O doping existe (quase) desde a criação do esporte. Muitos atletas recorreram ao uso de substâncias para aumentar seu desempenho e melhorar suas marcas. Algo que em geral sempre foi visto como fraude, manipulação de resultados, que deveriam responder apenas à capacidade natural daqueles que participam de uma competição.

O ciclismo sabe melhor do que ninguém o que é o doping. As anfetaminas foram umas das primeiras e abriram caminho para o que veio depois: EPO, transfusões de sangue, testosterona, clembuterol ou tramadol, entre outros muitos métodos. Há anos os organismos de controle têm uma guerra aberta na qual rejeitam, perseguem e punem quem se dopa.

Os Enhanced Games querem romper com o paradigma atual e propõem uma nova perspectiva: uma competição na qual o doping é aceito como parte das regras. Os atletas podem competir sem tomar nenhuma substância, e se decidirem fazê-lo, deverá ser com o consentimento prévio da equipe médica da organização.

De fato, Brett Fraser, diretor de atletismo dos Jogos Aprimorados, afirma que está "ansioso para ver atletas naturais competindo, porque talvez tomar todas essas melhorias não ajude a melhorar o desempenho a longo prazo".

A proposta tem todos os ingredientes para provocar grandes doses de estupor e gerar um bombardeio de perguntas. Em uma entrevista na Cyclist, Fraser explica que cada atleta deve estar sob supervisão médica, já que será a equipe médica e científica quem avaliará e aprovará ou rejeitará o uso de determinadas substâncias em um determinado atleta.

Longe de ver isso como algo negativo, os Enhanced Games entendem o doping como a expressão da ciência no esporte.
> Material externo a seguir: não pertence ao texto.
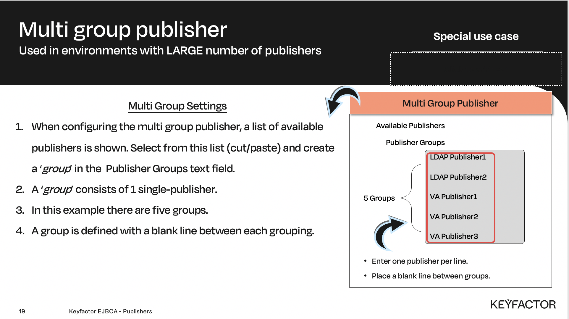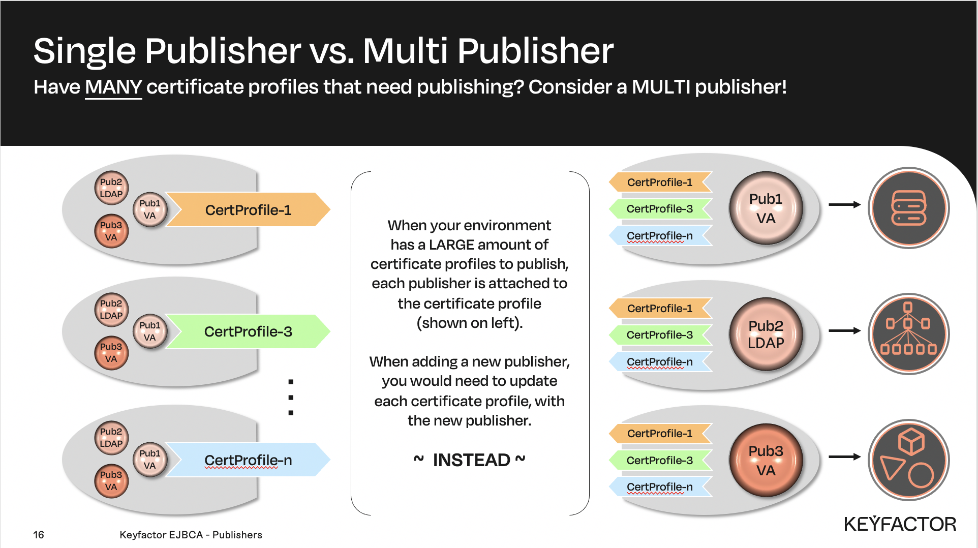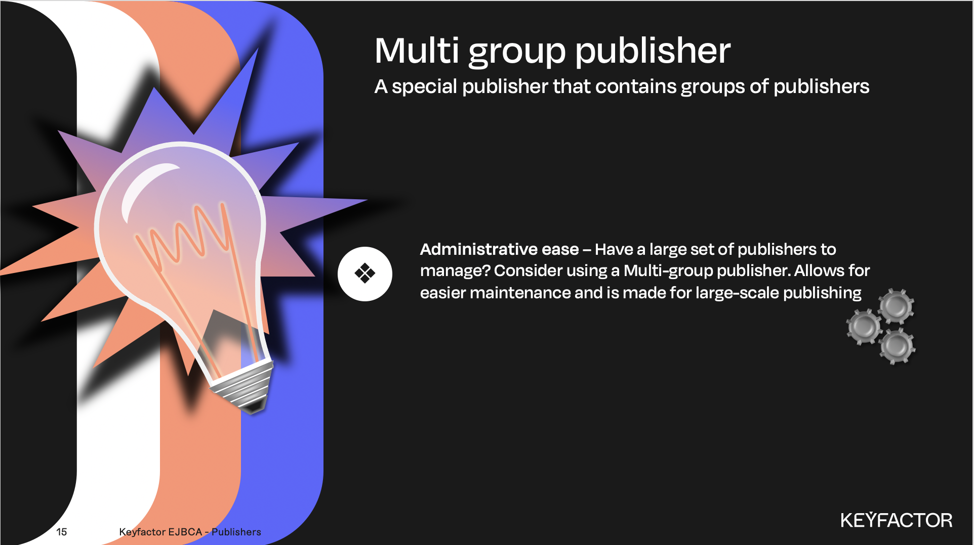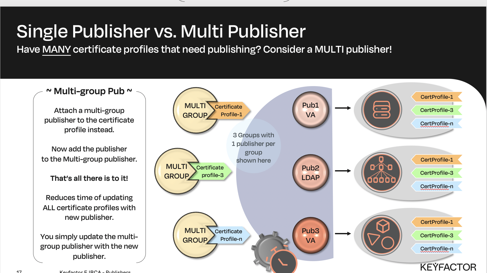 Simplify administration - The multi group publisher provides a single point of configuration for your publisher settings. Instead of enabling and disabling publishers for each individual certificate profile, you just need to add the publisher in one place, that is add it to the multi group publisher, and add the multi-group publisher to the desired certificate profile(s).

E aí está uma das grandes perguntas: que profissional estará disposto a prescrever esse tipo de substâncias? Embora algumas sejam usadas para combater condições médicas, agora se trataria de dar o aval a um consumo que visa apenas melhorar o desempenho. Uma decisão que poderia acarretar desconfiança e uma reputação duvidosa por parte de seus colegas.

Andy Miah, professor de Comunicação Científica e Mídias do Futuro na Universidade de Salford, comenta em Cycling que "simplesmente não existe um modelo de eficácia para aplicar, por exemplo, EPO em um contexto de melhoria, porque isso vai além dos limites da licença do medicamento". E acrescenta que "qualquer aplicação além da terapêutica está inerentemente além do que é legal prescrever e aceitável do ponto de vista do risco".
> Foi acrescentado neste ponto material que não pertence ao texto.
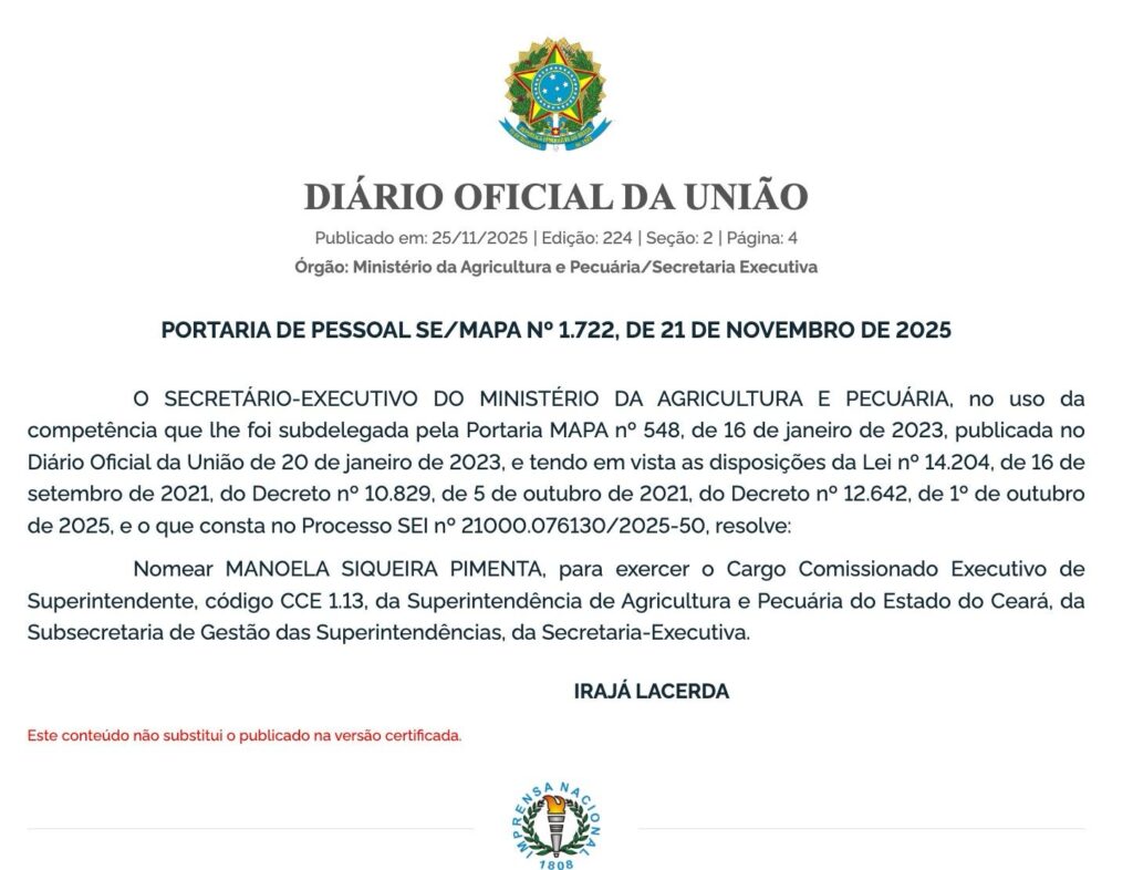O Ministério da Agricultura e Pecuária oficializou a nomeação da advogada Manoela Siqueira Pimenta para o cargo de Superintendente Federal da Agricultura e Pecuária no Ceará. A nomeação foi publicada neste 21 de novembro no Diário Oficial da União.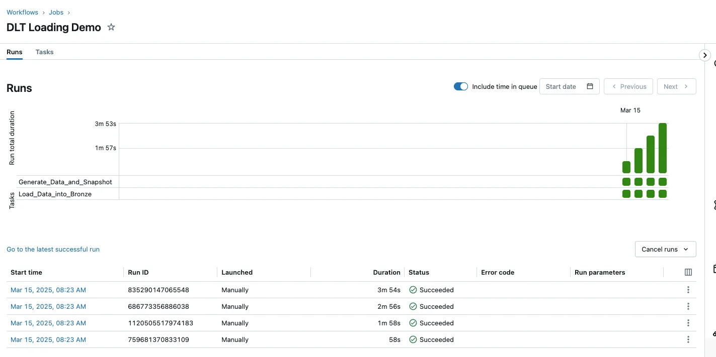Apply Changes From Snapshot SCD2: Here I have the complete historisation including delete detection. The ingestion is a bit more complex because you can’t use autoloaders, but the result is a single bronze table.

Por outro lado, Fraser espera que com este trabalho seja possível tomar nota de quais substâncias dopantes os atletas podem estar usando e informar o COI para que possa melhorar ou atualizar seus controles.

Outro dos aspectos controversos é a viabilidade econômica. As marcas vivem de sua imagem, por isso cuidam muito das campanhas que patrocinam. Muitas empresas investem grandes quantias de dinheiro em eventos esportivos para tentar associar seu nome aos valores que representam esse esporte. Os Enhanced Games ainda não têm nenhum patrocinador.

Ao longo dos anos, vimos algumas marcas retirarem seu apoio a atletas que se doparam. É difícil pensar que os Jogos Aprimorados consigam dinheiro de grandes empresas. E embora existam marcas que assumam a má imagem que podem dar ao estar relacionadas ao doping, é preciso considerar que o uso dessas substâncias leva os corpos ao limite, aumentando os riscos em todos os sentidos.

Os Enhanced Games defendem que os critérios seguidos pela Agência Mundial Antidoping para classificar uma substância como dopante podem ser arbitrários, como permitir algumas para treinar, mas proibi-las para competir.

O projeto, uma ideia de Aron D'Sousa, pretende ser anual. Os organizadores consideram que os atletas olímpicos são mal remunerados e enfatizam que os Enhanced Games têm um modelo de pagamento justo. Além disso, os atletas não teriam obrigação de comunicar que se doparam. Por enquanto, incluem-se cinco esportes -atletismo, natação, ginástica, combate e força-, embora se a primeira edição funcionar o ciclismo poderia ser um dos esportes que poderiam entrar no futuro, como reconhece o próprio Fraser.

Ainda faltam ser conhecidos vários detalhes importantes, como que sistema de classificação seria seguido para participar dos Enhanced Games. Apesar de tudo, já há centenas de atletas que entraram em contato com a organização para se informar.